We want those update to happen outside of the parallel kernel, therefore the transformation creates a copy of the relevant part of the code. Inside this copy, computations using FieldAPI arrays are replaced with call to their SYNC method wich triggers an update between the CPU and GPU data if relevant. A pass of simplification is applied since arrays tend to be reused many times, and updates are triggered for whole arrays so horizontal and vertical loops are eliminated from the code.

Application to the whole code

We now have several building blocks to adapt the code to a suitable form for efficient GPU kernels, the last step is to devise a flexible way to orchestrate their application in the code. To that effect a set of the so-called “ACDC” directive has been defined which allows the developer to tag certain regions of the code and bootstrap the transformation process. These allow to choose between 3 parallelisation mode : OpenMP (classical multi-threading on block), OpenMPSingleColumn (same as OpenMP but with the SCC transformation) and OpenACCSingleColumn which applies the SCC transformation and generate GPU kernels through OpenACC directives.

Therefore, our main transformation will scout the files for these custom directives and then apply the necessary transformations.

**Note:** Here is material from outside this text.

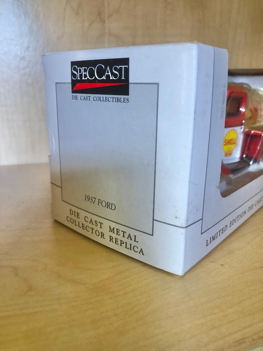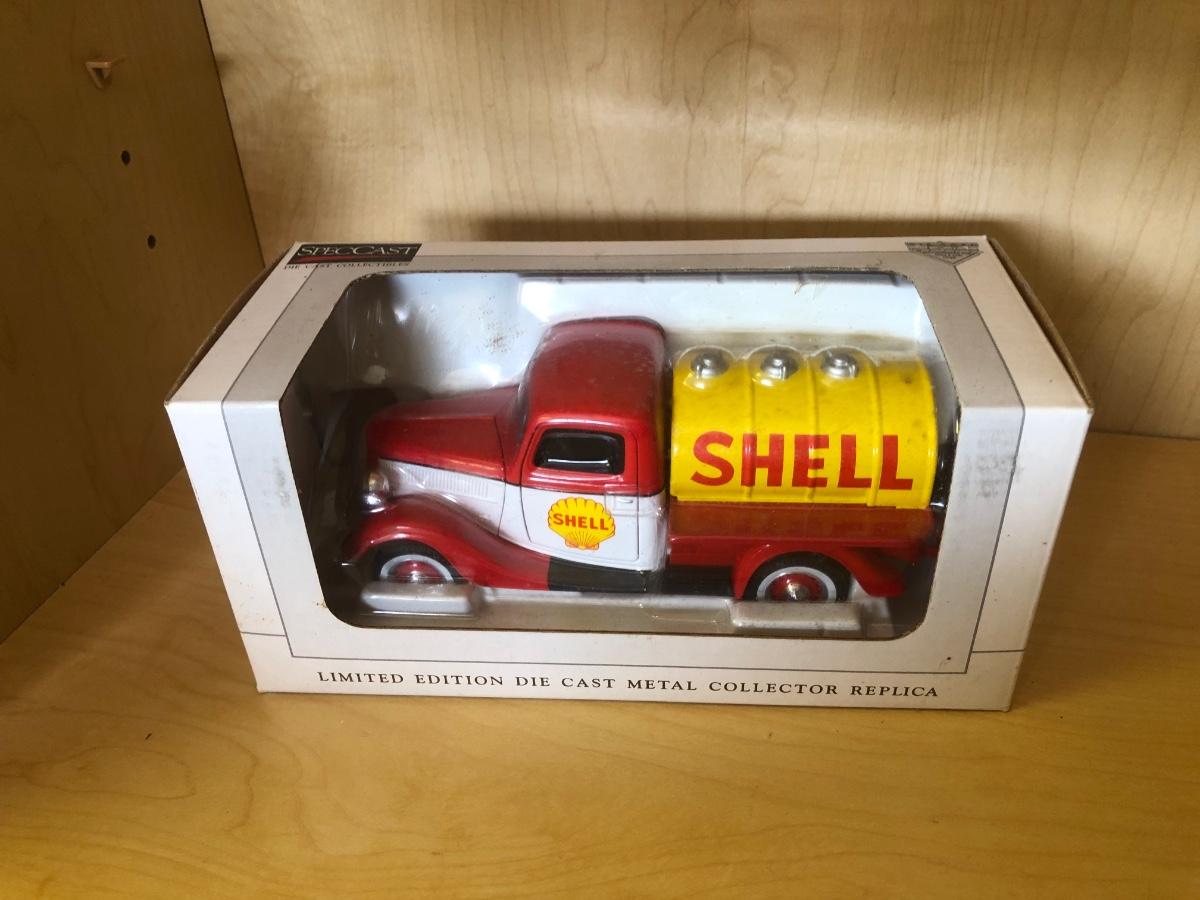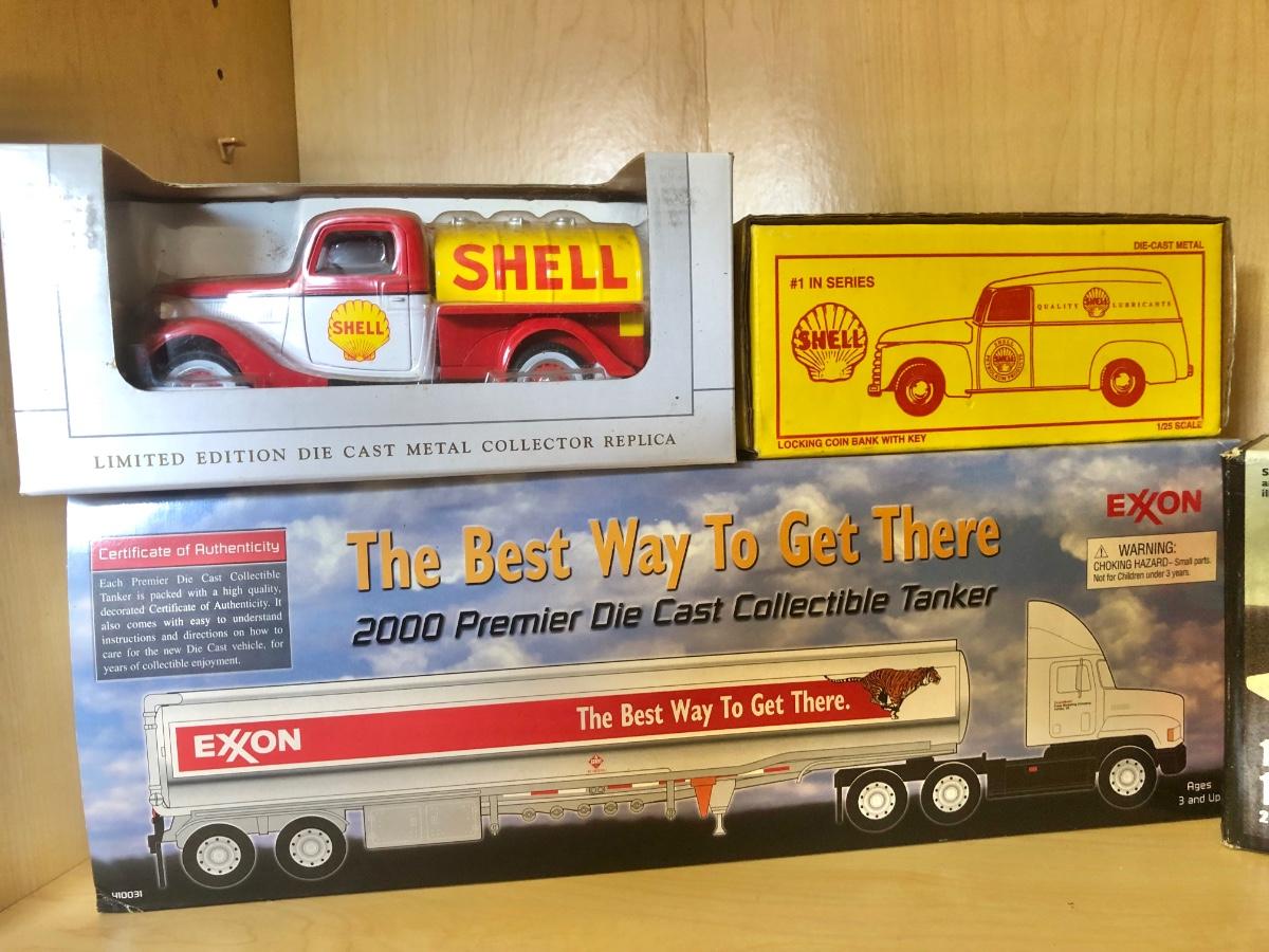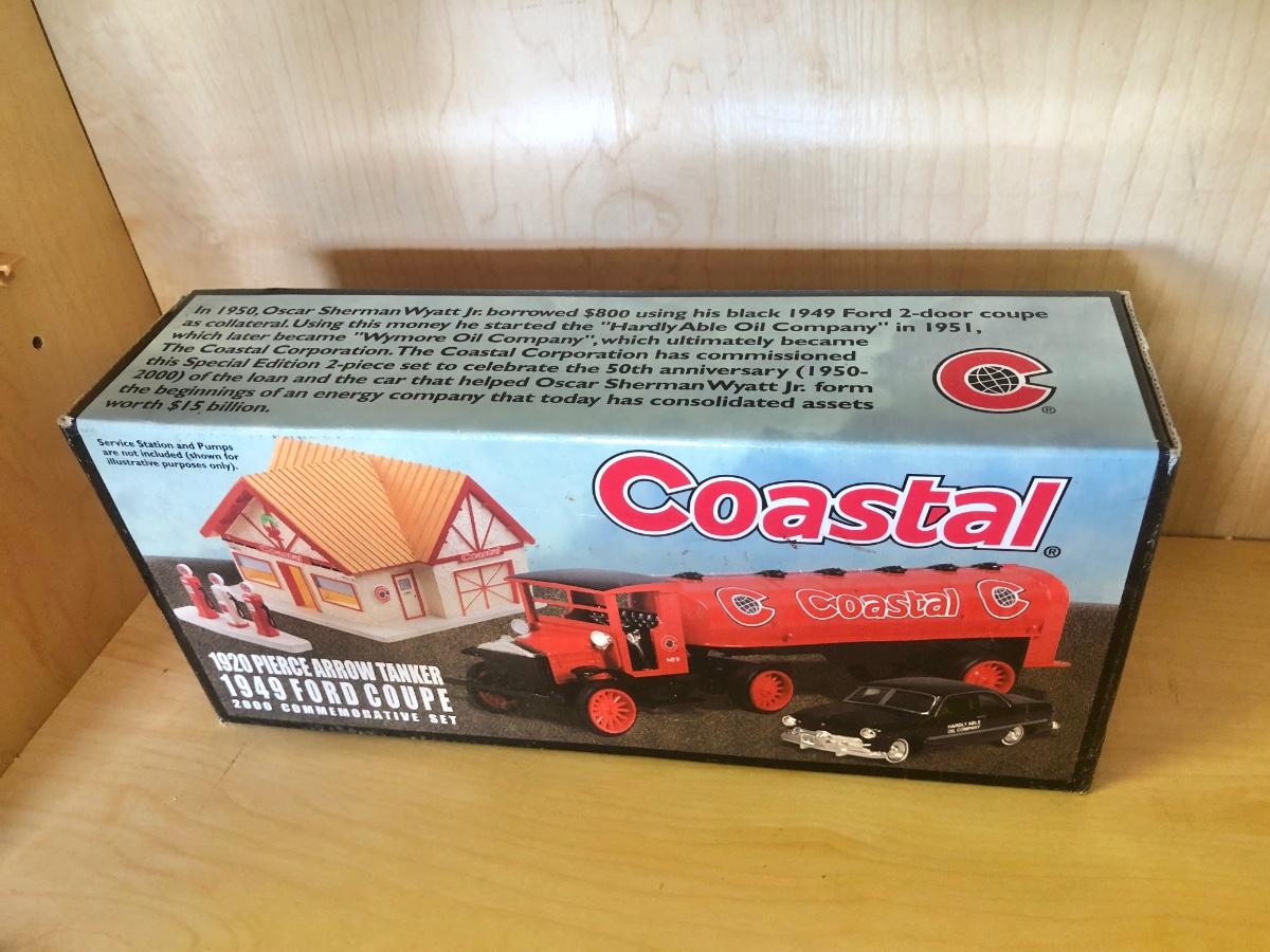 LOT 374: Die Cast Collectible Vehicles - Ertl Coastal 1939 Dodge Airflow Tanker, Shell Replicas, Coastal 1920 Pierce Arrow Tanker & 1949 Ford Coupe & Exxon 2000 Die Cast Tanker

  • Creating a conditional block for each parallelisation mode required (so taht we may choose any implementation at runtime)

  • Creating syncronization calls for each mode

  • Creating the main loop across blocks and eventually an horitonal loop

  • Transforming the body of the loop with the array to FieldAPI transformation and combine it with the SCC transformation when relevant

  • Introducing the adequate OpenMP or OpenACC directives

!$ACDC PARALLEL, TARGET=OpenACCSingleColumn {

ZMIXNL(:, :) = 1.0_JPRB

!$ACDC }
CALL YL_ZMIXNL%F_P%SYNC_DEVICE_RDWR()

!$ACC PARALLEL LOOP GANG DEFAULT(PRESENT)
DO JBLK=JBLKMIN, JLKMAX
!$ACC LOOP VECTOR
  DO JLON=1, KLON
    YL_ZMIXNL%F_P%PTR(JLON, :, JBLK) = 1.0_JPRB
  END DO
END DO

Et voilà ! We finally generated parallel kernels from our original code. Of course here I only covered the general principles and as always, the devil is in the details and the actual scripts required a lot of work to manage edge-cases and specific construct ; for example pointers that point to FieldAPI arrays should be transformed identically as their array conuterpart, this requires us to conduct a first investigation pass on the code to identify those pointers that actually are set to FieldAPI arrays.

Refactoring of the code was also necessary to completely uniformize it and manually solve some rare and tricky edge-cases that would not be easily managed by the transformation scripts.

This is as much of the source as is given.